Sensitive to the plans of the government, the people’s organizations strengthened their alliance to demand from the government an in situ medium-rise resettlement where they can permanently reside.

The NSJB had therefore agreed to relinquish the Contract of Lease it had entered into with the NHA, subject to the condition that it be compensated for its leasehold rights by the new developer, which the latter shall identify based on a selection process that will pass through public bidding as required by existing laws.

In March 2006, the NHA Board of Directors approved the development and sale of the North Triangle property, then with an estimated area of 30 hectares based on a schematic plan, through a Joint Venture (JV) arrangement. Thereafter, the NHA advertised the solicitation of proposals from prospective JV partners through the NHA Bids and Awards Committee, consistent with existing laws and regulations.
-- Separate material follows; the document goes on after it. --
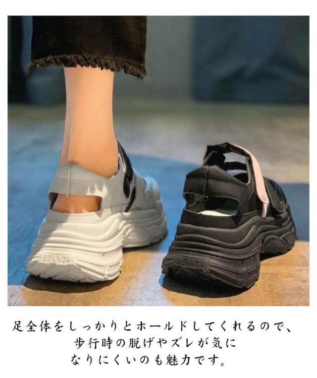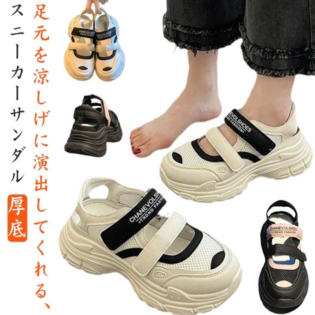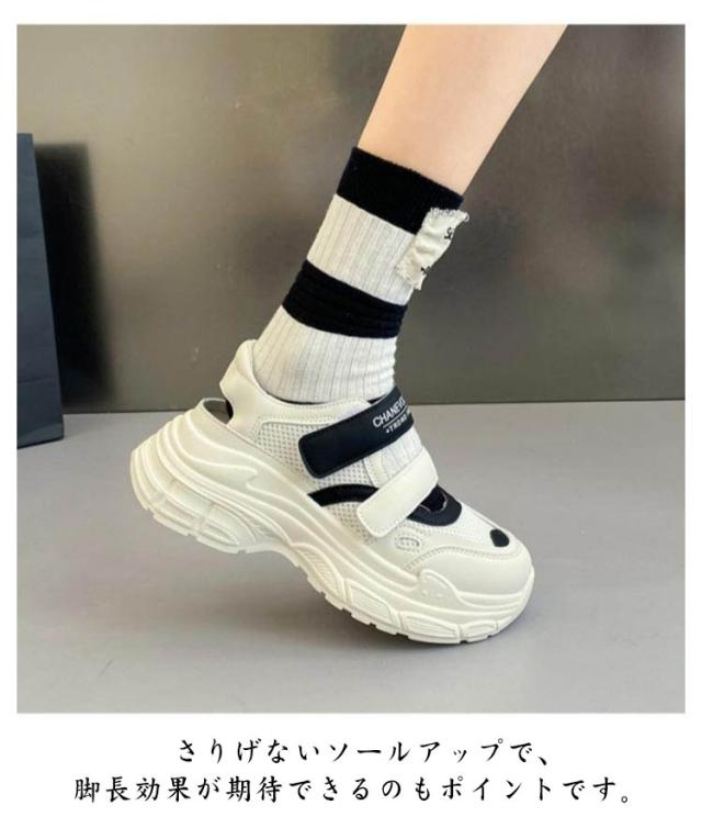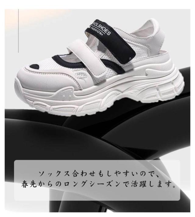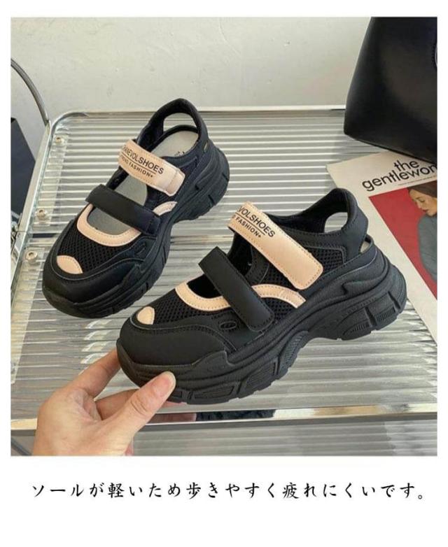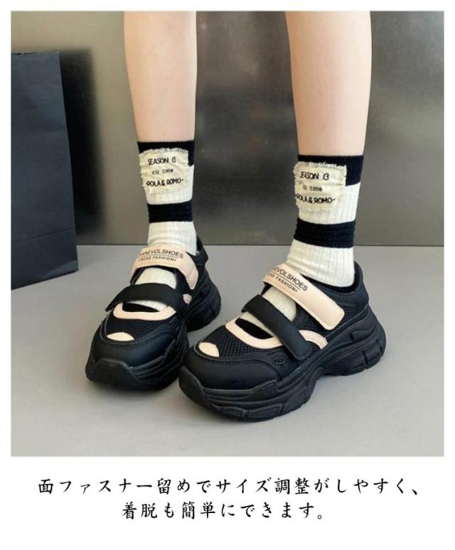 スニーカーサンダル 厚底 レディース メッシュ マジックテープ 履きやすい 歩きやすい ローカット 春 夏 シューズ 靴 軽量 通気性 紐なし 痛くない おしゃれ かわいい 疲れない 滑らない ベルクロ

Following the mandates in the selection process and the implementation of the 2008 Joint Venture Guidelines of the National Economic Development Authority, the NHA Board of Directors had approved on July 2009 the development of the 29.1829-hectare North Triangle property, which area was determined through a relocation survey, under a Joint Venture arrangement with ALI,

a premier property developer of Central Business Districts in the Philippines.

The NHA, however, was ordered by the Supreme Court of the Philippines in 2006 to respect the usufructuary right of Manila Seedling Bank Foundation, Inc. over the 7-hectare area it occupied, which formed part of the 37-hectares that was leased to the NSJB.